The construction of this encoding would appear like:
Meaning options don’t simply act independently; they work together with one another.
Qiskit Instance
from qiskit import QuantumCircuit
x1, x2 = 0.5, 1.0
qc = QuantumCircuit(2)
qc.ry(x1, 0)
qc.ry(x2, 1)
qc.cx(0, 1)
qc.rz(x1 * x2, 1)
qc.draw('mpl')
The sort of encoding is the quantum equal of polynomial options or kernel transformations. This lets the mannequin discover advanced relationships within the information.
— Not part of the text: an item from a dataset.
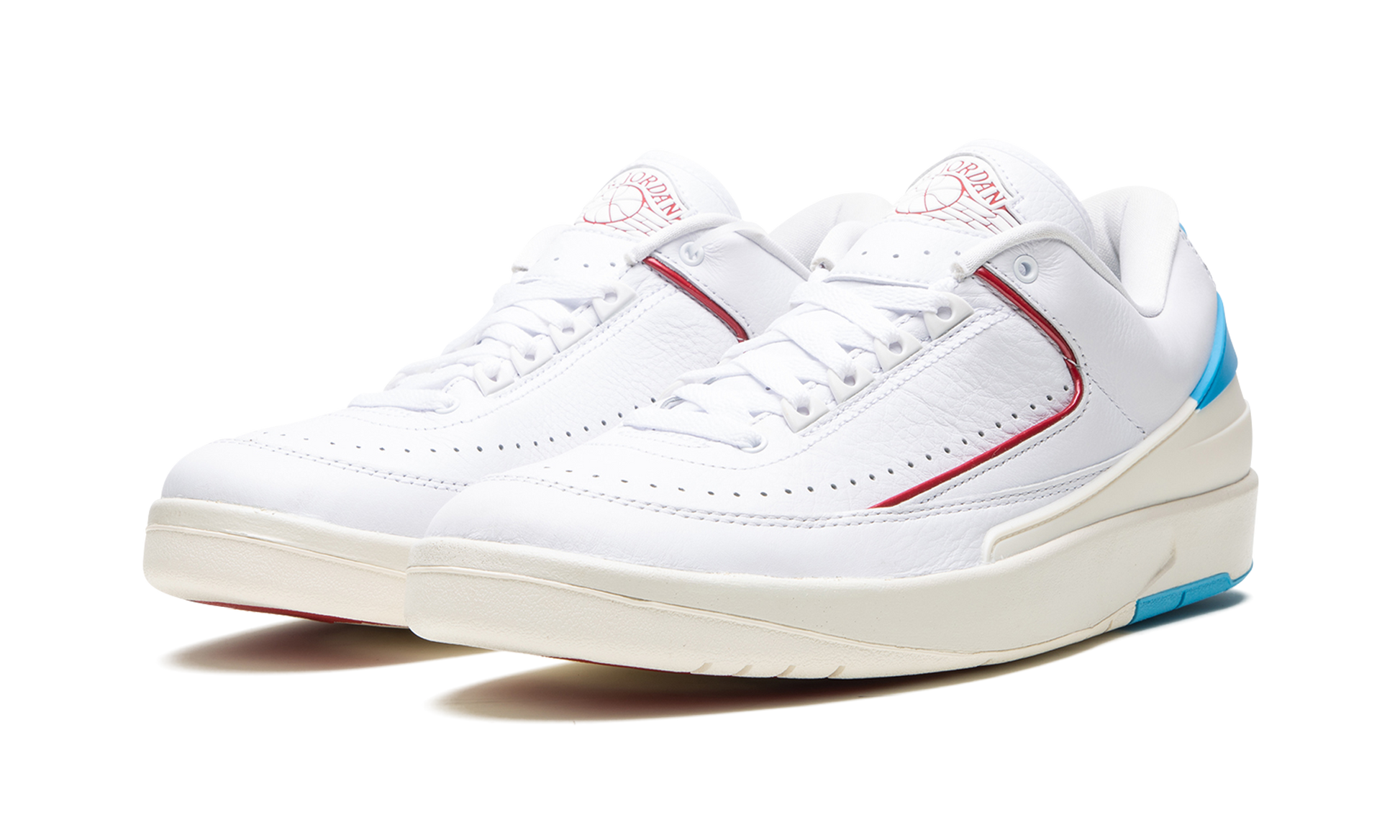 The Women’s Air Jordan 2 “UNC to Chicago” is a women’s-exclusive colorway of Michael Jordan’s second signature shoe that shows appreciation for his two former basketball teams. Originally appearing on the Air Jordan 1, the “UNC to Chicago” theme makes its way onto the Jordan 2 Low as part of the vintage basketball shoe’s comeback in 2022 and 2023. The design features the familiar color schemes of both the North Carolina Tar Heels and the Chicago Bulls, Jordan’s college and professional basketball teams. The shoe features a white leather construction with contrasting University Blue accenting on the heel, which is a nod to the Tar Heels. Fiery red detailing inspired by the Bulls’ primary team uniform color is found on the underlay on either side of the shoe. Red “Wings” branding appears on the tongue. The cream accenting on the back of the shoe and on the mid-panel gives the design a decidedly aged look. Release date: March 8, 2023 NC to Chi

You’ll be able to consider characteristic maps as reworking information into a brand new area, a lot as kernels do in classical machine studying. As an alternative of mapping information right into a higher-dimensional classical area, QML maps it right into a quantum Hilbert area.

Ultimate Ideas
Though quantum computer systems are usually not totally there, hardware-wise, there’s a lot we are able to do with them at present. One of the vital promising purposes of quantum computer systems is quantum machine studying. If there’s one concept price holding onto from this text, it’s this:
In quantum machine studying, the way you encode the information typically issues as a lot because the mannequin you’re utilizing.
This might sound stunning at first, however it’s really much like classical machine studying. The distinction is that in QML, encoding isn’t simply preprocessing; it’s a part of the mannequin itself.
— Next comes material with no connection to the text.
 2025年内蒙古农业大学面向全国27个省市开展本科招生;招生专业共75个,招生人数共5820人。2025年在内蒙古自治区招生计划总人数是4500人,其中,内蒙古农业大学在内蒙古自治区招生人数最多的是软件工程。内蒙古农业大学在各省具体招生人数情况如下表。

And, similar to the broader discipline of quantum computing, this space continues to be growing. We don’t but know the “best” encoding methods. The {hardware} constraints form what’s sensible at present, and new approaches are nonetheless being explored.
So for those who’re seeking to get into quantum computing, quantum machine studying is among the most impactful locations to start out. Not by leaping straight into advanced algorithms, however by beginning with a a lot less complicated query: How can my information work together with a quantum system?
Answering that query permits us to completely make the most of the facility of the quantum computer systems we now have at present.
References & Additional Studying
- Schuld, M., & Petruccione, F. (2018). Supervised studying with quantum computer systems (Vol. 17, p. 3). Berlin: Springer.
- Havlíček, V., Córcoles, A. D., Temme, Okay., Harrow, A. W., Kandala, A., Chow, J. M., & Gambetta, J. M. (2019). Supervised studying with quantum-enhanced characteristic areas. Nature, 567(7747), 209-212.
- Qiskit Documentation:
- Schuld, M., & Killoran, N. (2019). Quantum machine studying in characteristic Hilbert areas. Bodily Overview Letters, 122(4), 040504.